# Changing job on Bridging Visa while waiting for PR



## nikj89 (Jun 26, 2018)

Hi,

I have applied for a PR in March pending decision. I am currently on visa 457 which is expiring this August. I received a job offer but the company is not able to sponsor me on my 457.

My question is, if i change job while on Bridging Visa, do i still need to have a sponsor to work? Which rules apply to Bridging visa - 457 or PR??

Appreciate your help.


----------



## PrettyIsotonic (Nov 30, 2016)

nikj89 said:


> Hi,
> 
> I have applied for a PR in March pending decision. I am currently on visa 457 which is expiring this August. I received a job offer but the company is not able to sponsor me on my 457.
> 
> ...


My understanding is the Bridging Visa chameleons into and retains all conditions that applied to your most recent previous substantive visa - i.e. in your case your 457. 
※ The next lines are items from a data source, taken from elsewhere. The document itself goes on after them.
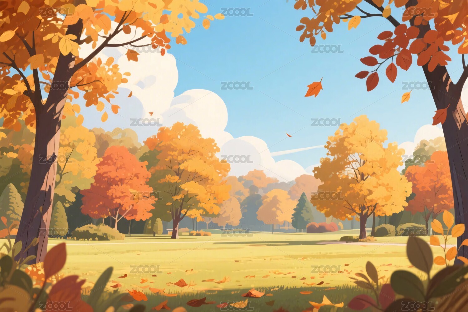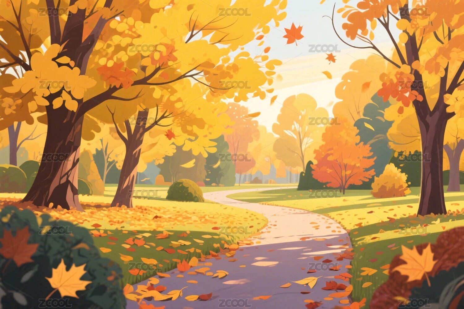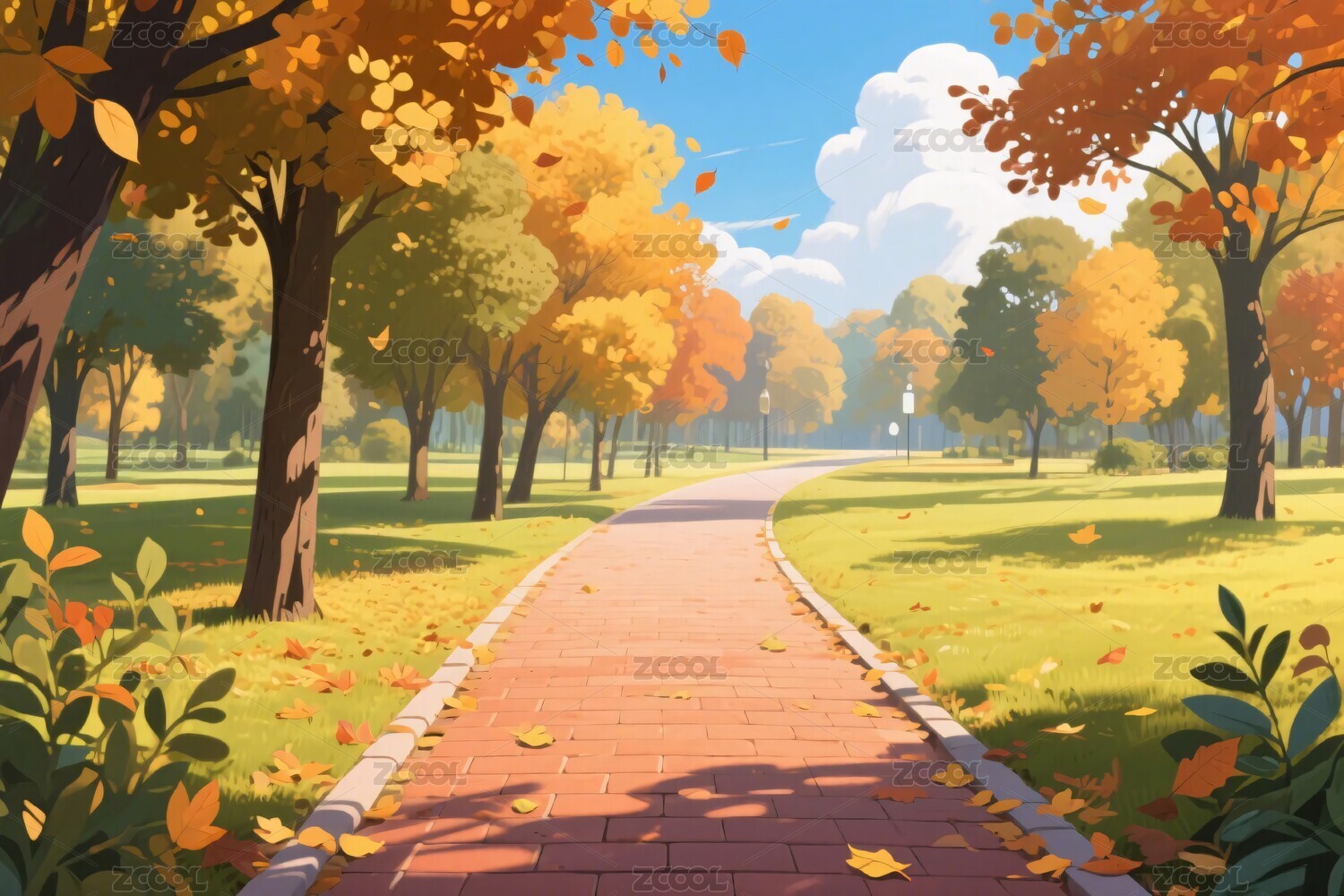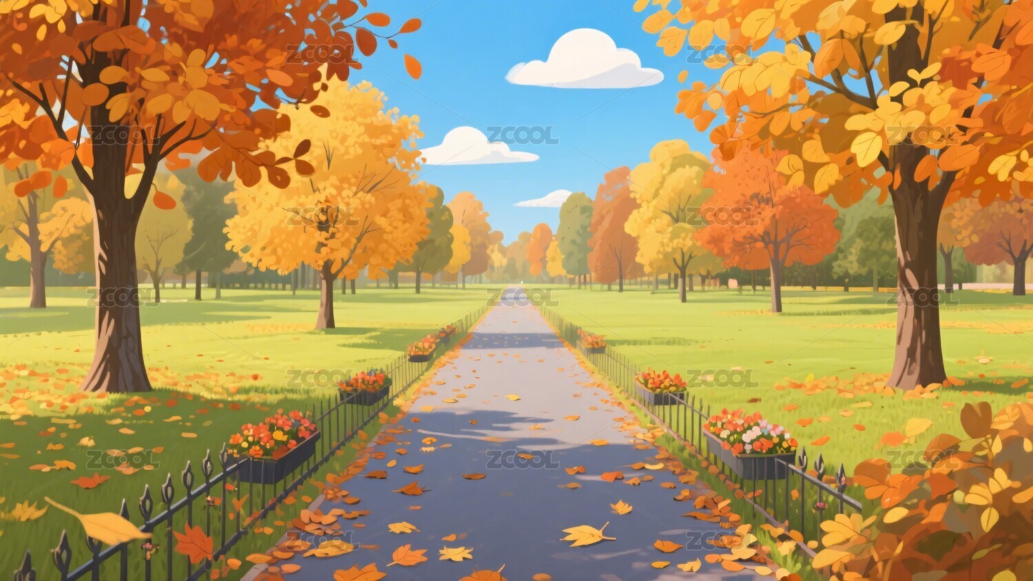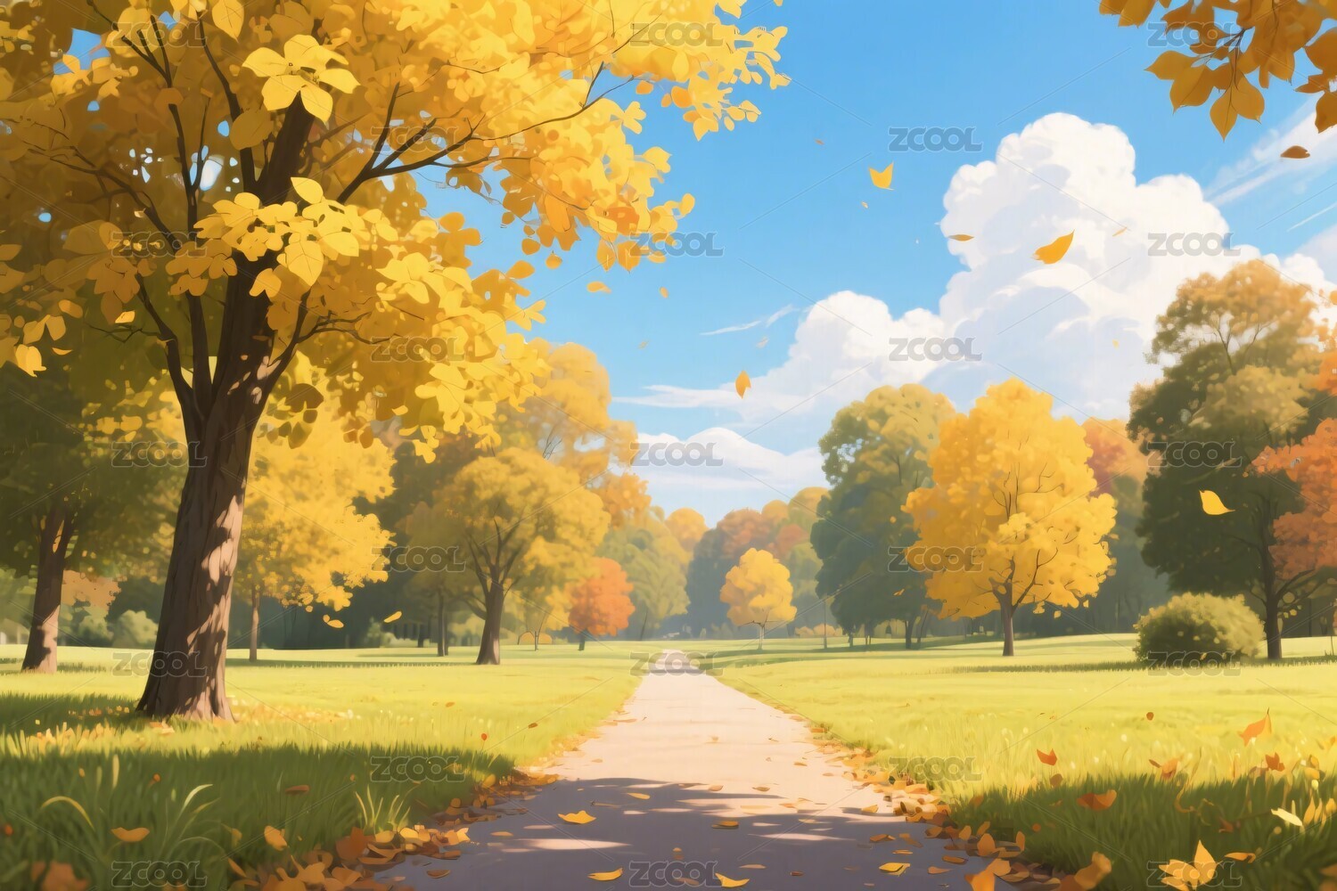 秋日,公园,小道,树木,草地,插画,风景,黄叶,白云,蓝天
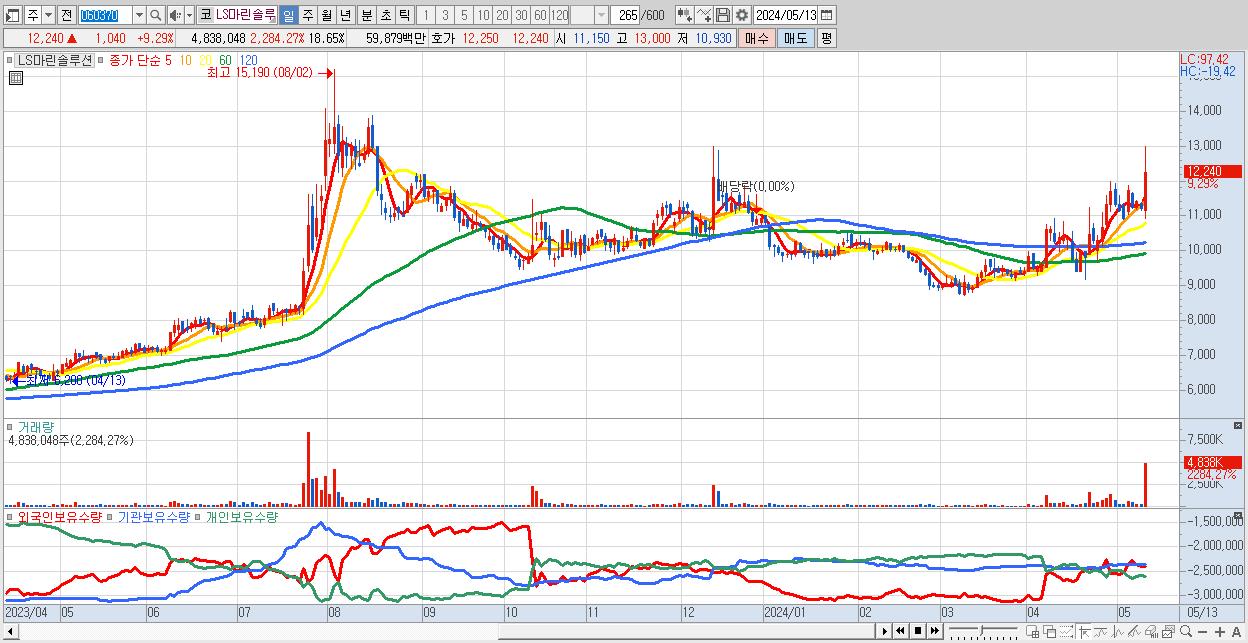 - LS마린솔루션 (12,240원 ▲ 9.29% , 시총: 3,175억, 거래량: 4,838,048, 거래대금:599억)
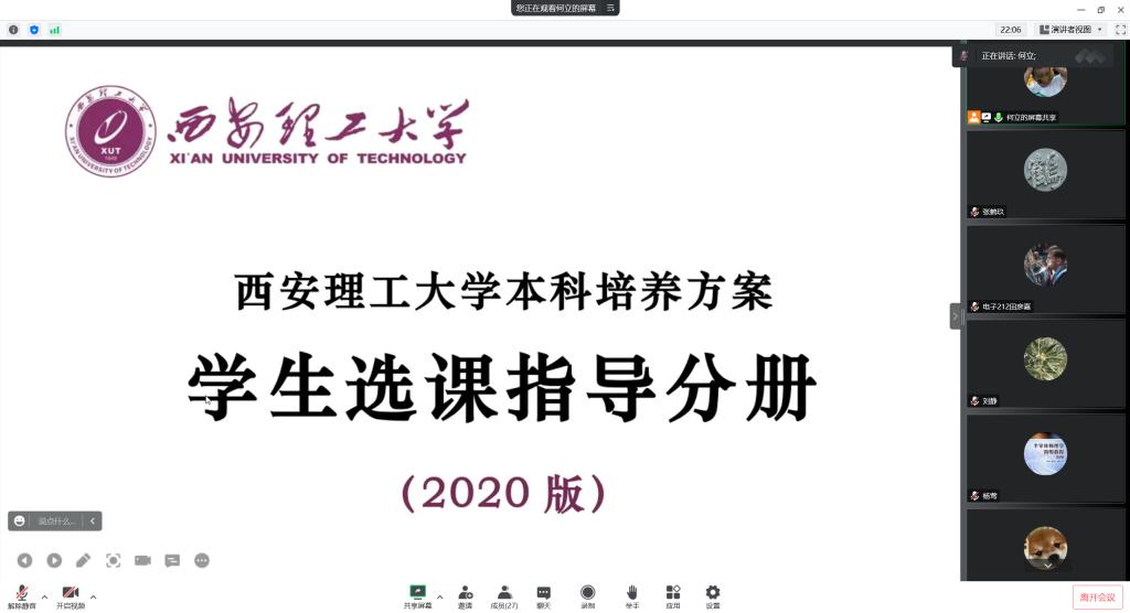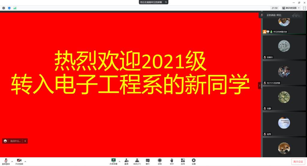 2022年10月8日晚上21:30,威廉希尔williamhill电子工程系在线上召开2021级转专业员工专业教育暨师生见面会。电子工程系主任刘静、支部书记系副主任杨莺、系副主任何立和辅导员李佳园老师参加了会议,会议由何立老师主持。
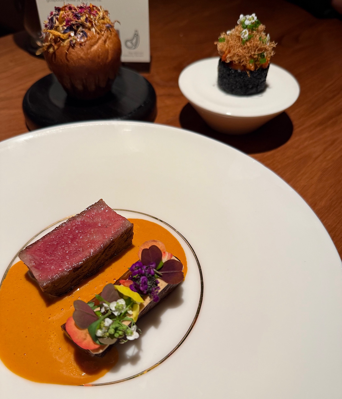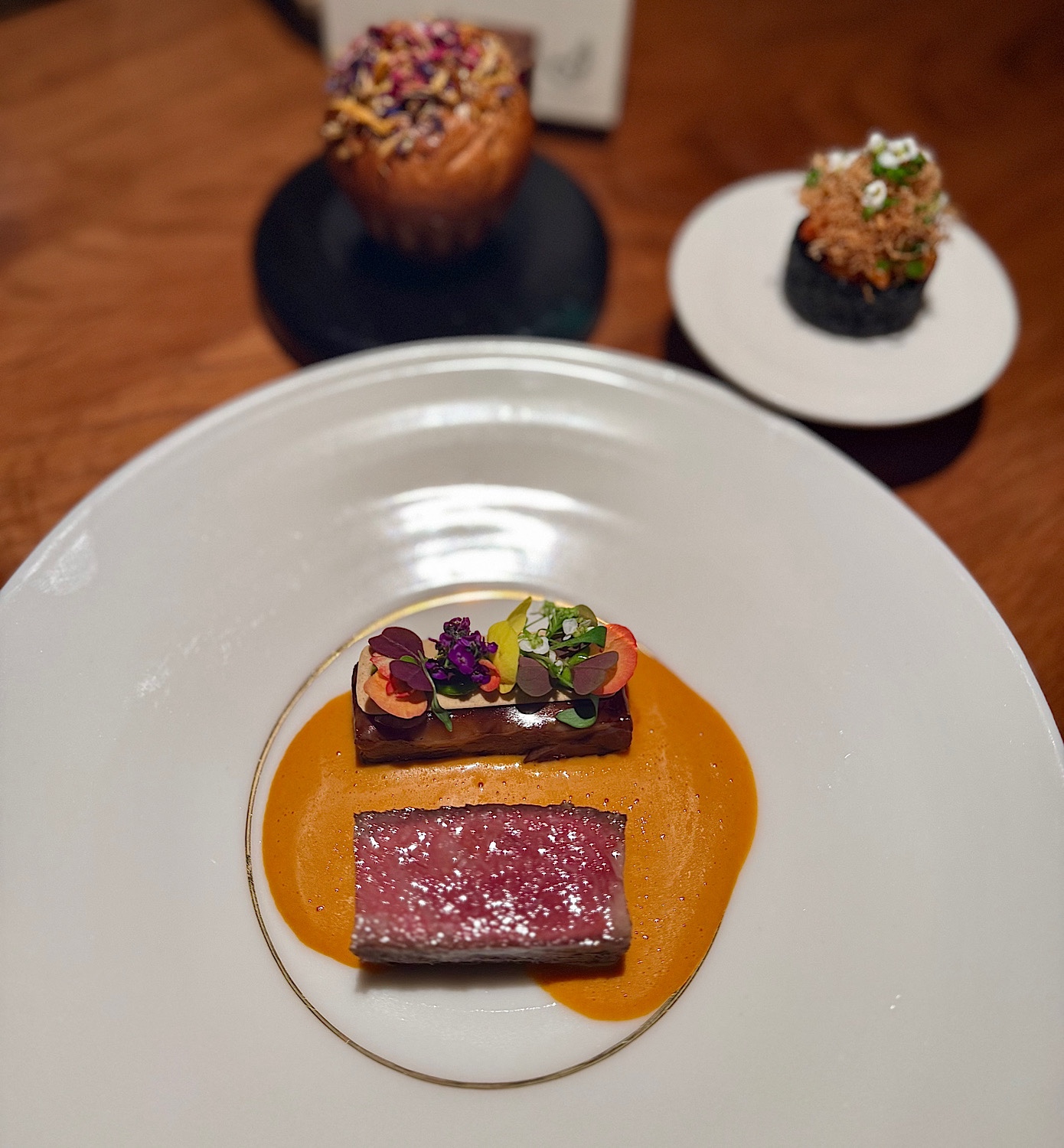 Kropką, a raczej gwiazdką nad „i” był pieczony antrykot i żeberko surf & turf z polskimi rakami.

If this means you won't be able to work as your 457 needs a sponsor, you can apply separately for a BVA with work rights if:

"your current BVA or BVB either does not allow you to work in Australia, or there are work restrictions, but you believe you have a compelling need to work. We might ask you to provide evidence that you are in financial hardship"

Source: 
https://www.homeaffairs.gov.au/trav/visa-1/010-


----------



## JennyWang (Jan 9, 2018)

nikj89 said:


> Hi,
> 
> I have applied for a PR in March pending decision. I am currently on visa 457 which is expiring this August. I received a job offer but the company is not able to sponsor me on my 457.
> 
> ...


My understanding is you could do whatever you want after your current 457 gets expired and then your bridging visa is officially activated. because your 457 is still in place and your bridging visa is inactivated now, your cannot change jobs. but you could do that after August. i think you better ask some qualified agents to confirm this.


----------